The audit committee of our board of directors is comprised of three directors who are not our employees. This committee meets periodically with our independent public accountants and management. Our independent public accountants have full and free access to the audit committee to meet, with and without management being present, to discuss the results of their audits and the quality of our financial reporting.
ITEM 9. CHANGES IN AND DISAGREEMENTS WITH ACCOUNTANTS ON ACCOUNTING AND FINANCIAL DISCLOSURE
None.
ITEM 9A. CONTROLS AND PROCEDURES
Evaluation of Controls and Procedures. Disclosure controls and procedures (as defined in Rules 13a-15(e) and 15d-15(e) under the Securities Exchange Act of 1934, as amended, or the Exchange Act) are designed to provide reasonable assurance that information required to be disclosed in reports we file or submit under the Exchange Act is recorded, processed, summarized and reported within the time periods specified in the rules and forms of the SEC and that such information is accumulated and communicated to our management, including our Chief Executive Officer and Chief Financial Officer, as appropriate to allow timely decisions regarding required disclosures.

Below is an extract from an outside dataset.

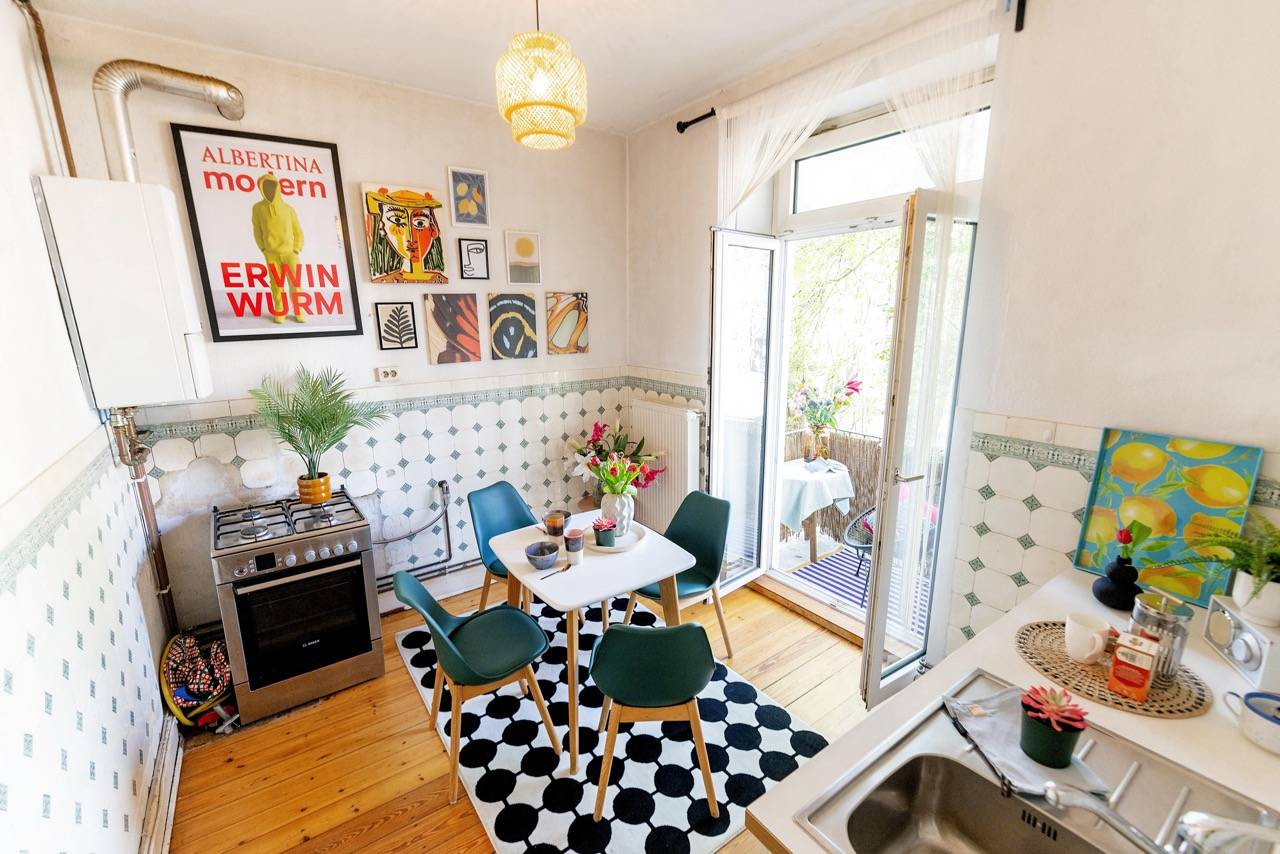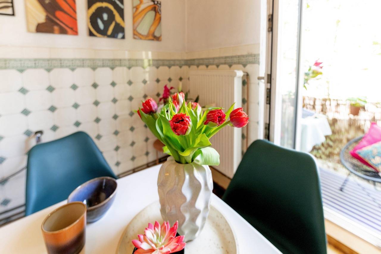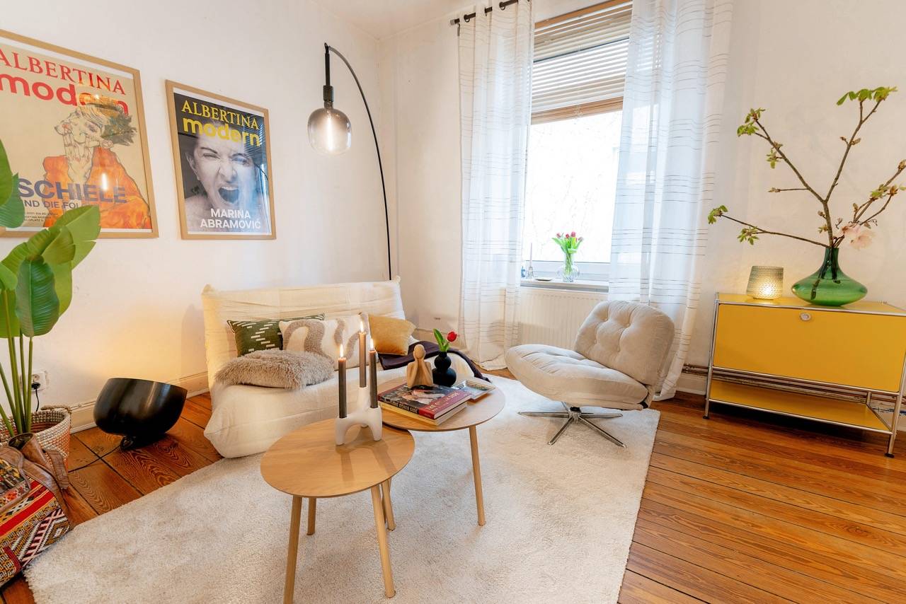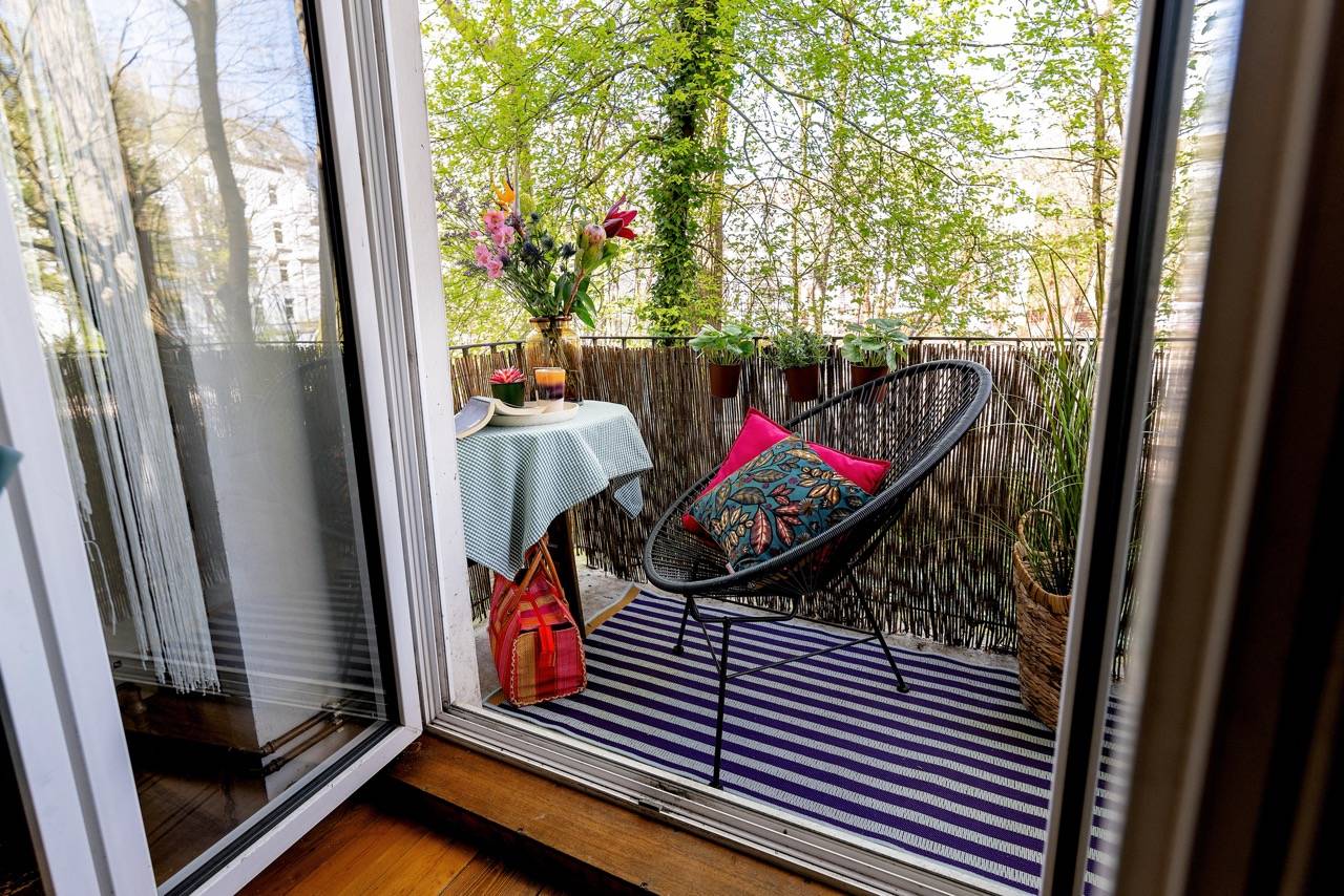 Hereingeflattert! Sie landen im langen Flur mit toller Tigertapete. Wir finden: Das ist Nestglück & verleiht besonderen Charme. Der Flur bietet viel Platz für Stauraum. Links liegt das Wohnzimmer, von uns cool gestylt im 70er-Look. Rechts das Schlafzimmer mit Blick auf den grünen Hinterhof. Vorm Wohnzimmer liegt die Küche, noch mit Original-Fliesenspiegel & der Balkon mit Blick auf den riesigen, baumreichen Innenhof zur Telemannstraße. Hier ist auch 1 Spielplatz. Der Balkon ist groß genug für Tisch & 2 Stühle. Hier gibt’s Sonne am Vormittag bis Mittag. Und viel Zeit zum Chillen.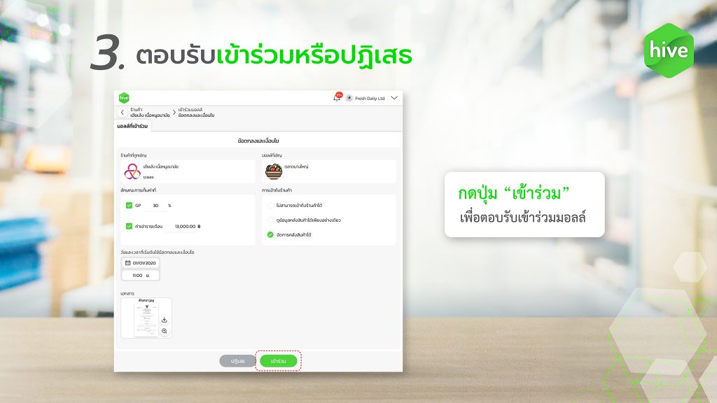 หลังจากที่ได้พิจารณาข้อตกลงทั้งหมดแล้ว ในขั้นตอนนี้ ร้านค้าสามารถเลือกตอบรับคำเชิญ เข้าร่วม หรือ ปฏิเสธ ได้ตามความต้องการ

We performed an evaluation of the effectiveness of our disclosure controls and procedures as of December 31, 2019. The evaluation was performed with the participation of senior management of each business segment and key corporate functions, and under the supervision of the Chief Executive Officer and Chief Financial Officer.
Based on our evaluation of our disclosure controls and procedures, our chief executive officer and chief financial officer concluded that our disclosure controls and procedures were effective as of December 31, 2019 to provide reasonable assurance that information required to be disclosed by us in the reports filed or submitted by us under the Securities Exchange Act of 1934 is recorded, processed, summarized and reported within the time periods specified in the SEC's rules and forms, and to provide reasonable assurance that information required to be disclosed by us is accumulated and communicated to our management, including our chief executive officer and chief financial officer, as appropriate, to allow timely decisions regarding required disclosure.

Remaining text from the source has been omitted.